Peraturan Pemerintah Penyelenggaraan Sistem dan Transaksi Elektronik (PSTE)

Peraturan Pemerintah Nomor 71 Tahun 2019 tentang Penyelenggaraan Sistem dan Transaksi Elektronik (PP PSTE) mencabut PP 82 Tahun 2012 tentang Penyelenggaraan Sistem dan Transaksi Elektronik.

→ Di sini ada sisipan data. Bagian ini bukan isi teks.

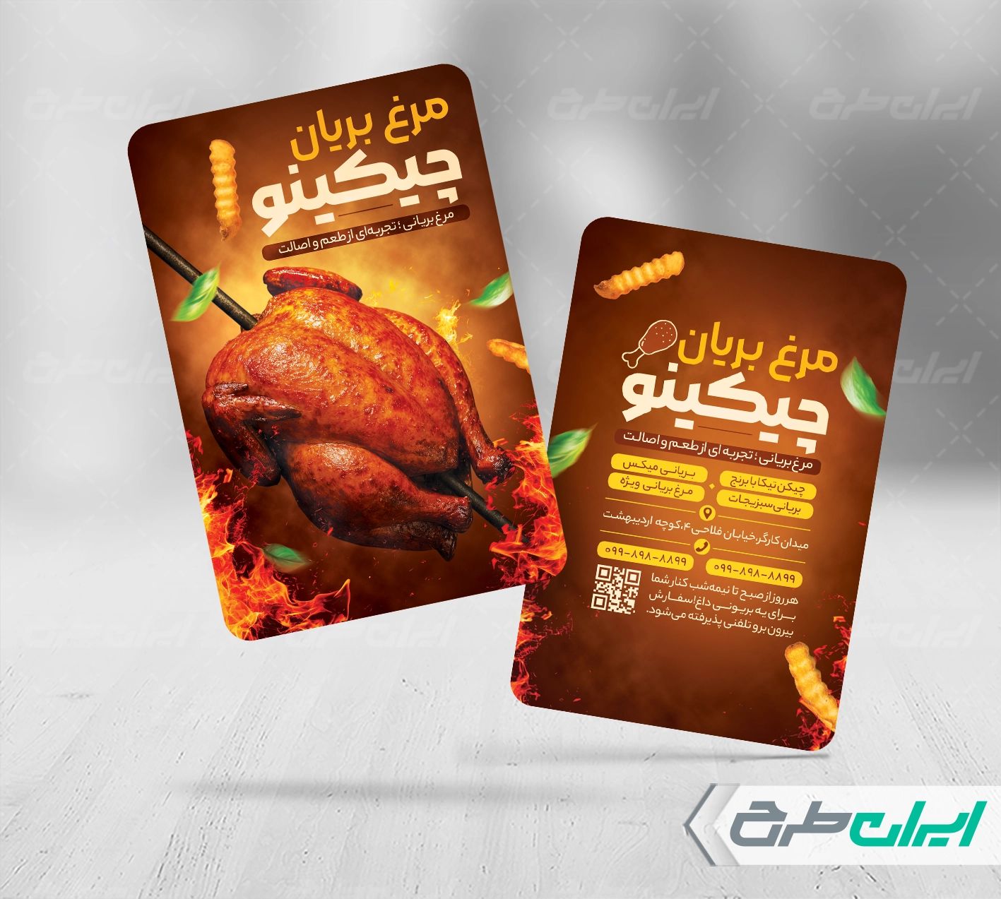 طرح کارت ویزیت لایه باز مرغ بریان، توسط تیم ایران طرح برای بازاریابی و تبلیغات این فروشگاه طراحی شده است.

PP tersebut disahkan oleh Presiden Joko Widodo pada 4 Oktober 2019 dan diundangkan pada 10 Oktober 2019.

Peraturan Pemerintah tentang PSTE merupakan pengaturan lebih lanjut beberapa ketentuan dalam Undang-Undang Nomor 11 Tahun 2008 tentang Informasi dan Transaksi Elektronik, dan Undang-Undang Nomor 19 Tahun 2016 tentang Perubahan Atas UU 11 Tahun 2018 tentang ITE, yang dibentuk untuk menjamin pengakuan serta penghormatan atas hak dan kebebasan orang lain dan untuk memenuhi tuntutan yang adil sesuai dengan pertimbangan keamanan dan ketertiban umum dalam suatu masyarakat yang demokratis.

Beberapa ketentuan yang diperlukan pengaturan lebih lanjut, yaitu:

  • Kewajiban bagi setiap Penyelenggara Sistem Elektronik untuk menghapus informasi elektronik dan/atau dokumen elektronik yang tidak relevan yang berada di bawah kendalinya atas permintaan orang yang bersangkutan berdasarkan penetapan pengadilan;
  • Peran pemerintah dalam memfasilitasi pemanfaatan teknologi informasi dan transaksi elektronik, melindungi kepentingan umum dari segala jenis gangguan sebagai akibat penyalahgunaan informasi elektronik dan transaksi elektronik yang mengganggu ketertiban umum, dan mencegah penyebarluasan dan penggunaan informasi elektronik dan/atau dokumen elektronik yang memiliki muatan yang dilarang sesuai dengan ketentuan peraturan perundang-undangan.

Dalam penyelenggaraan sistem elektronik, setiap PSE memiliki kewajiban sebagai berikut:

  • Menyelenggarakan sistem elektronik secara andal, aman dan bertanggung jawab (Pasal 3);
  • Tidak memuat dan/atau memfasilitasi penyebaran informasi/dokumen elektronik yang dilarang UU (Pasal 5);
  • Melakukan pendaftaran sistem elektronik (Pasal 6);
  • Melaksanakan prinsip pelindungan data pribadi (Pasal 14);
  • Menghapus informasi/dokumen elektronik yang tidak relevan (Pasal 15);
  • Melakukan pengelolaan, pemrosesan, dan penyimpanan sistem/data elektronik di Indonesia oleh PSE Lingkup Publik (Pasal 20);
  • Memberi akses dalam rangka pengawasan dan penegakan hukum oleh PSE Lingkup Privat (Pasal 21).